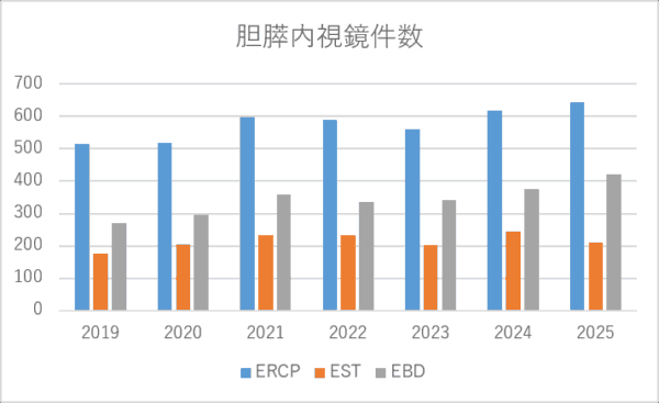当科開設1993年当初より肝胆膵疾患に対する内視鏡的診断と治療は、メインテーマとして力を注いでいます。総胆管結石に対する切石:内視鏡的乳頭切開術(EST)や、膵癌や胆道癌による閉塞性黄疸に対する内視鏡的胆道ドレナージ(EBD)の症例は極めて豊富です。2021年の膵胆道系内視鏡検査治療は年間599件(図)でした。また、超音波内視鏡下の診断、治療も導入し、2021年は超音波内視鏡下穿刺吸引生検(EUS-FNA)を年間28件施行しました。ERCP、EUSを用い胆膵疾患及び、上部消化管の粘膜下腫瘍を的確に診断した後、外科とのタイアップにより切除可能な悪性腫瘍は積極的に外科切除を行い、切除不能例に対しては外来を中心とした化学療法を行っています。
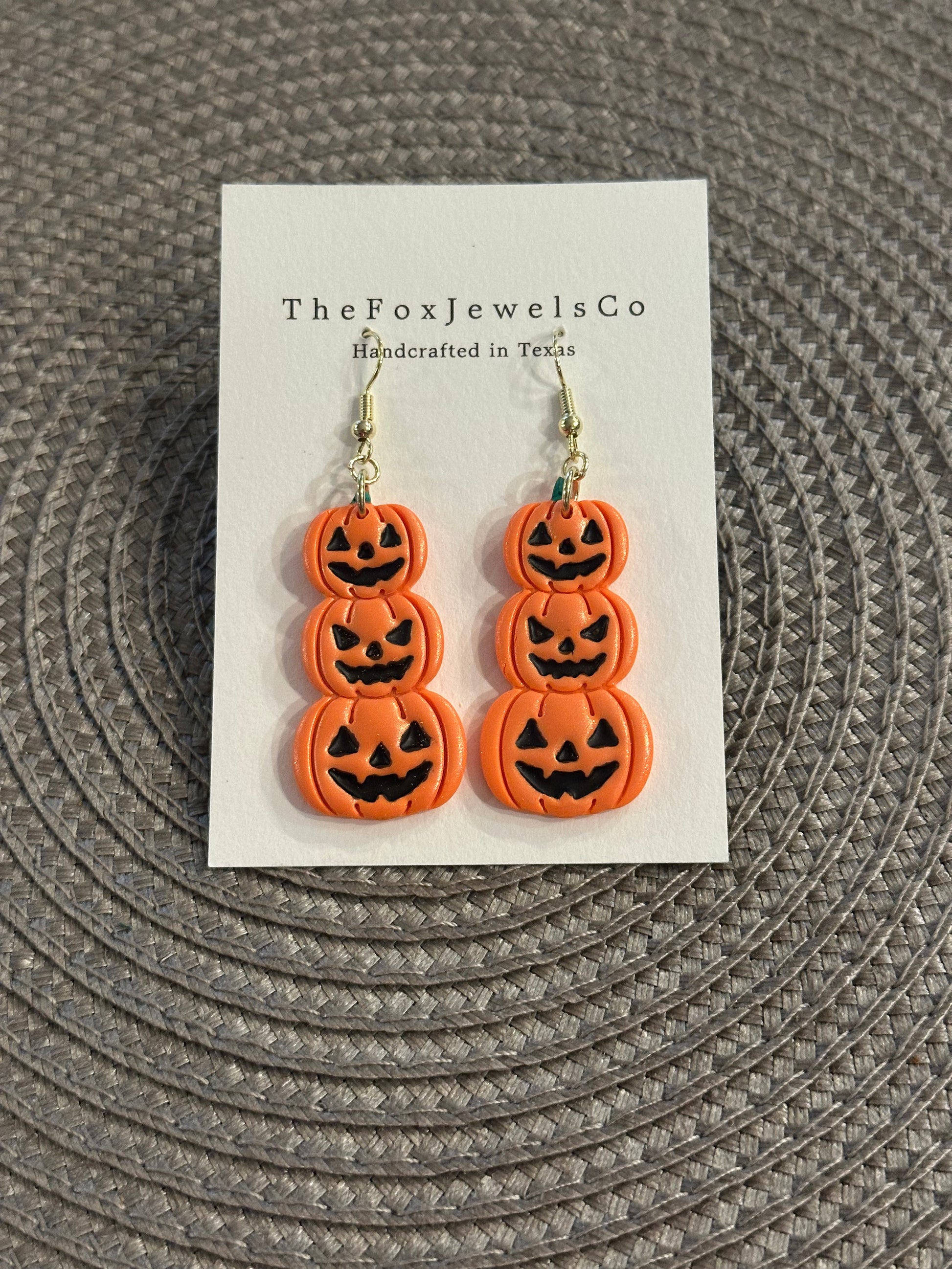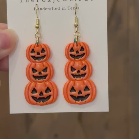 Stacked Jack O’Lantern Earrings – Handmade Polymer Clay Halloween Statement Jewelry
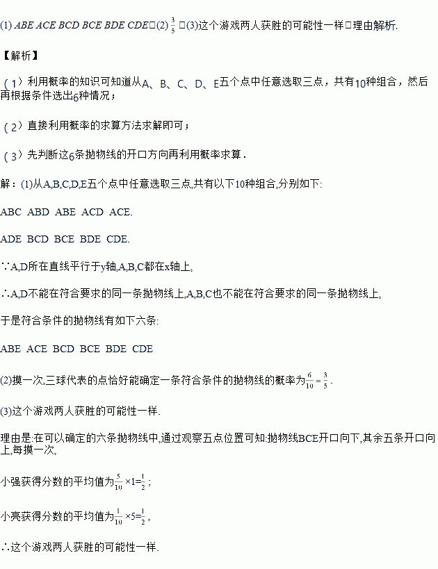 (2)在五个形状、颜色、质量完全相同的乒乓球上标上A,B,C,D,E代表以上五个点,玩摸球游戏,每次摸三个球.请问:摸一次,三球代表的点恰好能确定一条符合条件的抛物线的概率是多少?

Task details:
Exactly repeat the material from its first line through the line with "Stacked Jack O’Lantern", including both, and leave the pictures and everything else out.

Response area:
当科開設1993年当初より肝胆膵疾患に対する内視鏡的診断と治療は、メインテーマとして力を注いでいます。総胆管結石に対する切石:内視鏡的乳頭切開術(EST)や、膵癌や胆道癌による閉塞性黄疸に対する内視鏡的胆道ドレナージ(EBD)の症例は極めて豊富です。2021年の膵胆道系内視鏡検査治療は年間599件(図)でした。また、超音波内視鏡下の診断、治療も導入し、2021年は超音波内視鏡下穿刺吸引生検(EUS-FNA)を年間28件施行しました。ERCP、EUSを用い胆膵疾患及び、上部消化管の粘膜下腫瘍を的確に診断した後、外科とのタイアップにより切除可能な悪性腫瘍は積極的に外科切除を行い、切除不能例に対しては外来を中心とした化学療法を行っています。
 Stacked Jack O’Lantern Earrings – Handmade Polymer Clay Halloween Statement Jewelry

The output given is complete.